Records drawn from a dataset
━━━━━━━━━━━━━━━━━━━━

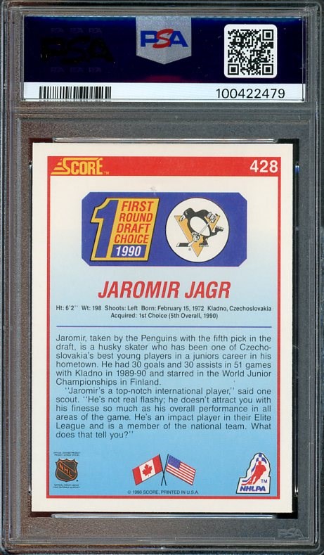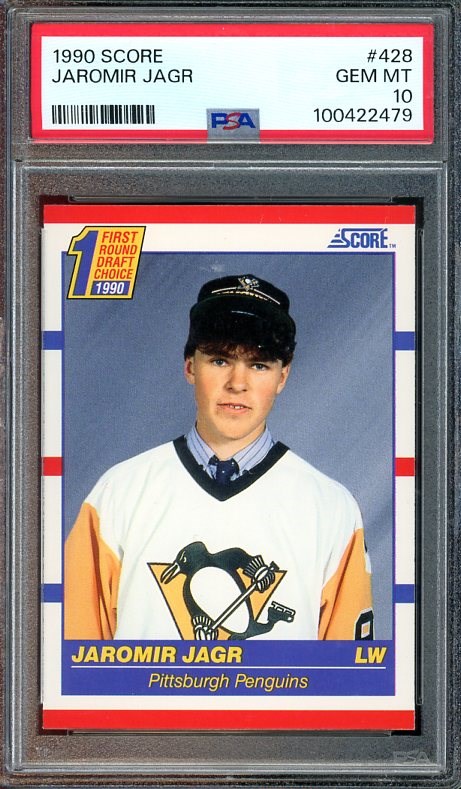 1990 Score Jaromir Jagr RC #428  PSA Gem Mint 10 - One of the all-time greats, Jagr is still playing professionally in Europe (37 seasons!).  PSA 10 in a clean PSA holder.
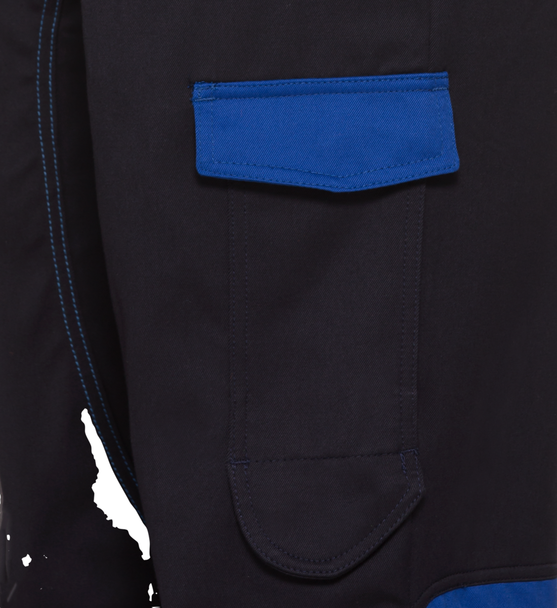 - Deux poches latérales, une poche arrière avec rabat et bouton pression, une poche bavette, une poche mètre pliant à droite et une poche jambe à gauche comprenant une poche pour smartphone et stylo (toutes les poches plaquées avec rabat et boutons pression)
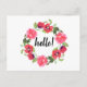Vattenfärg röda och rosa blommor krans cirkel vykort
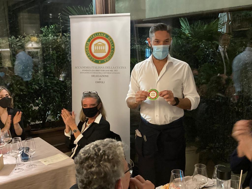 La Delegazione di Empoli ha celebrato la Cena Ecumenica presso il ristorante “Molo 73” di Empoli. Il Delegato Massimo Vincenzini (in foto 1) ha aperto la conviviale ricordando ai presenti e ai numerosi ospiti il significato e i valori dell’Accademia nonché della stessa Cena Ecumenica. La serata, ben organizzata dalla Simposiarca Carla Giovannelli, ha avuto il suo momento culturale con la nutrizionista dott.ssa Luisa de Risi che ha parlato del fritto illustrandone le caratteristiche nutrizionali e gli accorgimenti per renderlo meno dannoso per la nostra salute (in foto 2). Le pietanze a base di pesce dello chef Emanule Sabatini sono state molto apprezzate e ben servite dallo staff; altrettanto apprezzato l’ottimo abbinamento di vini curato dal sommelier e responsabile di sala Riccardo Agresti. La serata si è svolta nel rispetto delle vigenti normative anticovid. Foto 3. Consegna della vetrofania al responsabile di sala Riccardo Agresti. Foto 4. Menu.
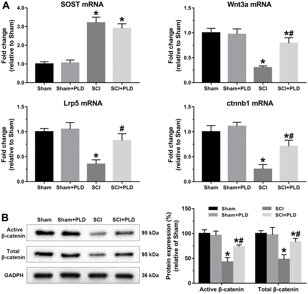Wnt/β-catenin signaling was evaluated by analyzing the femoral levels of SOST, Wnt3a, Lrp5, and ctnnb1 mRNAs. SOST mRNA levels in the chronic SCI mice were approximately 2-fold higher compared to that in the sham-operated group, and unaffected by PLD treatment. Compared to the sham-operated group, Wnt3a, Lrp5, and ctnnb1 mRNAs were significantly downregulated in the SCI group, and restored to varying degrees by PLD (Figure 9A). Strikingly, Lrp5 expression in the PLD-treated SCI group was similar to that of the sham-operated controls. In addition, both the active and total β-catenin protein levels were decreased in the femurs of chronic SCI mice and reversed after PLD treatment (Figure 9B). Taken together, PLD exerted its therapeutic effects against chronic SCI by activating the femoral Wnt/β-catenin signaling.

━━━━━━━━━━━━━━━━━━━━

— What the task asks —
Restate the records above word for word, without the pictures.

— Result for this task —
 1990 Score Jaromir Jagr RC #428  PSA Gem Mint 10 - One of the all-time greats, Jagr is still playing professionally in Europe (37 seasons!).  PSA 10 in a clean PSA holder.
 - Deux poches latérales, une poche arrière avec rabat et bouton pression, une poche bavette, une poche mètre pliant à droite et une poche jambe à gauche comprenant une poche pour smartphone et stylo (toutes les poches plaquées avec rabat et boutons pression)
Vattenfärg röda och rosa blommor krans cirkel vykort
 La Delegazione di Empoli ha celebrato la Cena Ecumenica presso il ristorante “Molo 73” di Empoli. Il Delegato Massimo Vincenzini (in foto 1) ha aperto la conviviale ricordando ai presenti e ai numerosi ospiti il significato e i valori dell’Accademia nonché della stessa Cena Ecumenica. La serata, ben organizzata dalla Simposiarca Carla Giovannelli, ha avuto il suo momento culturale con la nutrizionista dott.ssa Luisa de Risi che ha parlato del fritto illustrandone le caratteristiche nutrizionali e gli accorgimenti per renderlo meno dannoso per la nostra salute (in foto 2). Le pietanze a base di pesce dello chef Emanule Sabatini sono state molto apprezzate e ben servite dallo staff; altrettanto apprezzato l’ottimo abbinamento di vini curato dal sommelier e responsabile di sala Riccardo Agresti. La serata si è svolta nel rispetto delle vigenti normative anticovid. Foto 3. Consegna della vetrofania al responsabile di sala Riccardo Agresti. Foto 4. Menu.
Wnt/β-catenin signaling was evaluated by analyzing the femoral levels of SOST, Wnt3a, Lrp5, and ctnnb1 mRNAs. SOST mRNA levels in the chronic SCI mice were approximately 2-fold higher compared to that in the sham-operated group, and unaffected by PLD treatment. Compared to the sham-operated group, Wnt3a, Lrp5, and ctnnb1 mRNAs were significantly downregulated in the SCI group, and restored to varying degrees by PLD (Figure 9A). Strikingly, Lrp5 expression in the PLD-treated SCI group was similar to that of the sham-operated controls. In addition, both the active and total β-catenin protein levels were decreased in the femurs of chronic SCI mice and reversed after PLD treatment (Figure 9B). Taken together, PLD exerted its therapeutic effects against chronic SCI by activating the femoral Wnt/β-catenin signaling.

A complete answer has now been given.